Crude oil fell in early trading on Friday as concerns over sustained high interest rates in both Asia and the United States weighed on the outlook.

This trend is attributed to Japan’s increasing inflation, which is prompting expectations of imminent rate hikes by its central bank.

Brent crude edged declined by 11 cents to settle at $85.60 per barrel while the U.S. crude oil declined by 9 cents to $81.20 per barrel.

Recent data revealed that Japan’s core consumer prices rose by 2.5% in May compared to the same month last year. This increase marks a growth from the previous month, suggesting that the Bank of Japan is likely to raise interest rates in the upcoming months to curb inflation.

In the United States, data released on Thursday showed a decrease in the number of new unemployment claims for the week ending June 14, indicating continued strength in the job market.

This persistent robustness in employment raises the likelihood that the U.S. Federal Reserve will maintain higher interest rates for a longer period.

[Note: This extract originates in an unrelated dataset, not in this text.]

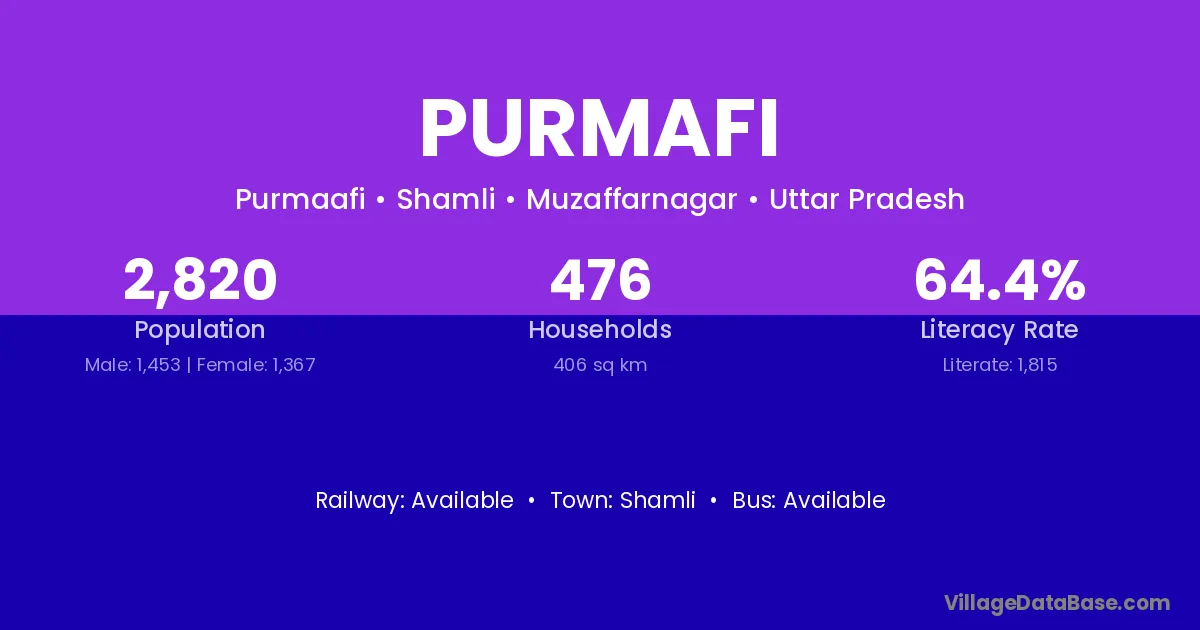 Shamli is the nearest town to Purmafi village for major economic activities

Higher interest rates typically have a dampening effect on economic activity, which can subsequently reduce oil demand.

The prospect of prolonged elevated interest rates in two major economies has therefore put downward pressure on crude oil prices.

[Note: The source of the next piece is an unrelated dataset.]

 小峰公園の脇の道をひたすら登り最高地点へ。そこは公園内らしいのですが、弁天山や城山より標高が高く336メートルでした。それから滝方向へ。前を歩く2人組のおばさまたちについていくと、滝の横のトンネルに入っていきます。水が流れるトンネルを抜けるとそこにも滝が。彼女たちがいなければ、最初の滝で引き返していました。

Despite the downward trend, oil prices received some support from the latest figures from the Energy Information Administration (EIA).

The data showed a drawdown in U.S. crude inventories by 2.5 million barrels in the week ending June 14, bringing the total to 457.1 million barrels. This exceeded analysts’ expectations, who had predicted a 2.2 million-barrel reduction.

Also, gasoline inventories fell by 2.3 million barrels to 231.2 million barrels, contrary to forecasts that anticipated a 600,000-barrel increase.

“Gasoline finally came to life and posted its first strong report of the summer driving season,” remarked Bob Yawger, director of energy futures at Mizuho in New York, highlighting the surprising uptick in gasoline demand.